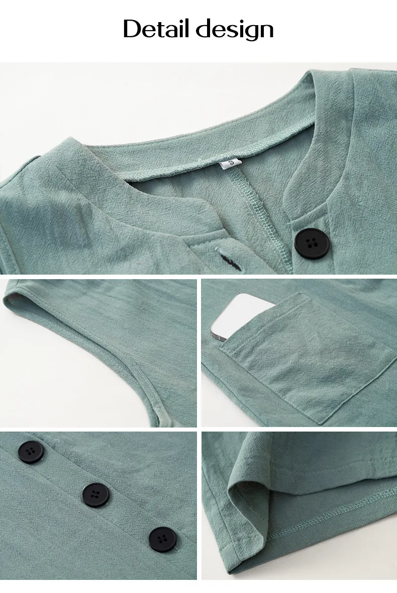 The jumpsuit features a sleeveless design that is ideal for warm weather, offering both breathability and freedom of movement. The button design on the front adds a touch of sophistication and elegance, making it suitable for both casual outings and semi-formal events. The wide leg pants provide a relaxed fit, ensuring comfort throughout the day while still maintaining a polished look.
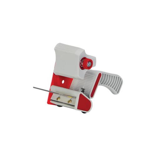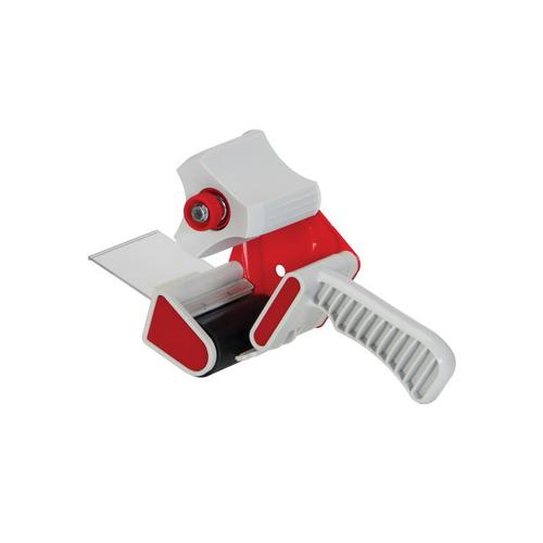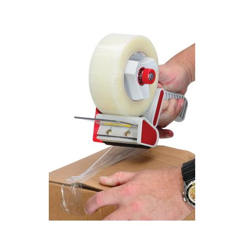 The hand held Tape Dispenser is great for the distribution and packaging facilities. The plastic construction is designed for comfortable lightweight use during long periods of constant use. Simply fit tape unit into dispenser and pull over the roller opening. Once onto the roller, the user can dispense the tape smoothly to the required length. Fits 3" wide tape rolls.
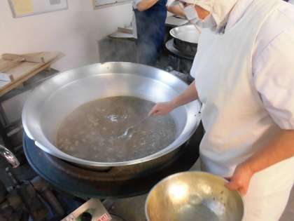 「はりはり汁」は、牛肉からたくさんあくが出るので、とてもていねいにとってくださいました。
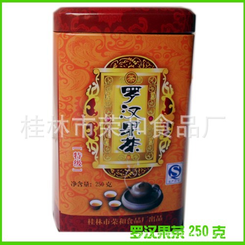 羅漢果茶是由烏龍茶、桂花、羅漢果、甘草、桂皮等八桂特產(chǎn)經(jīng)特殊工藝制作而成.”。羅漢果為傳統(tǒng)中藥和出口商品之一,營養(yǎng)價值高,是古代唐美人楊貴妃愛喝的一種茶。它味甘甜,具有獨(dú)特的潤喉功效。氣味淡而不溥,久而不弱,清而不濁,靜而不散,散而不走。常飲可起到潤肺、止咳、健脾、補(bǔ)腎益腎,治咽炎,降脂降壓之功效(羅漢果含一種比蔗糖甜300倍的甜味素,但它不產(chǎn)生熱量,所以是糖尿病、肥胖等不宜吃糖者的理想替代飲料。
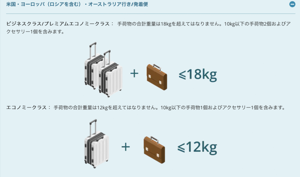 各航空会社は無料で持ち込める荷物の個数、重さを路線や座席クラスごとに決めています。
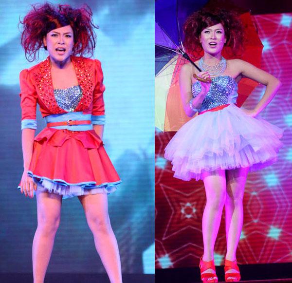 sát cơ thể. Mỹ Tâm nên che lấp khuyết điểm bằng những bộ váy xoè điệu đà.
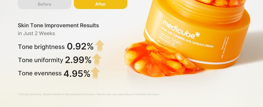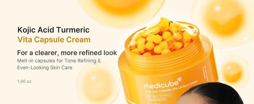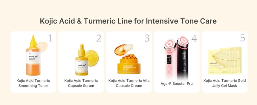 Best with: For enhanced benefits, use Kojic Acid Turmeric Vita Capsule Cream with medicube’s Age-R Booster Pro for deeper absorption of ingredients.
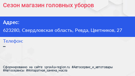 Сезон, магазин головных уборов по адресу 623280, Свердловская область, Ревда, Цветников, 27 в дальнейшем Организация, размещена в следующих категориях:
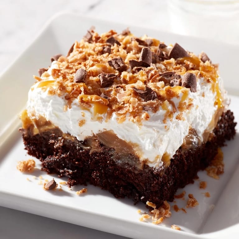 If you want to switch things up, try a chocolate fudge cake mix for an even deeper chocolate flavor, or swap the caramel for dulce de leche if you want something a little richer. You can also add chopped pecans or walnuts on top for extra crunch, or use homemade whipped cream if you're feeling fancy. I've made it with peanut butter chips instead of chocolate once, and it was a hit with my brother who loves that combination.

**Task brief**
With the pictures removed, print only the lines starting at the line that has "The hand held" and ending at the line that has "sát cơ thể.", both ends included, exactly as they stand above.

**Solution for this problem**
 The hand held Tape Dispenser is great for the distribution and packaging facilities. The plastic construction is designed for comfortable lightweight use during long periods of constant use. Simply fit tape unit into dispenser and pull over the roller opening. Once onto the roller, the user can dispense the tape smoothly to the required length. Fits 3" wide tape rolls.
 「はりはり汁」は、牛肉からたくさんあくが出るので、とてもていねいにとってくださいました。
 羅漢果茶是由烏龍茶、桂花、羅漢果、甘草、桂皮等八桂特產(chǎn)經(jīng)特殊工藝制作而成.”。羅漢果為傳統(tǒng)中藥和出口商品之一,營養(yǎng)價值高,是古代唐美人楊貴妃愛喝的一種茶。它味甘甜,具有獨(dú)特的潤喉功效。氣味淡而不溥,久而不弱,清而不濁,靜而不散,散而不走。常飲可起到潤肺、止咳、健脾、補(bǔ)腎益腎,治咽炎,降脂降壓之功效(羅漢果含一種比蔗糖甜300倍的甜味素,但它不產(chǎn)生熱量,所以是糖尿病、肥胖等不宜吃糖者的理想替代飲料。
 各航空会社は無料で持ち込める荷物の個数、重さを路線や座席クラスごとに決めています。
 sát cơ thể. Mỹ Tâm nên che lấp khuyết điểm bằng những bộ váy xoè điệu đà.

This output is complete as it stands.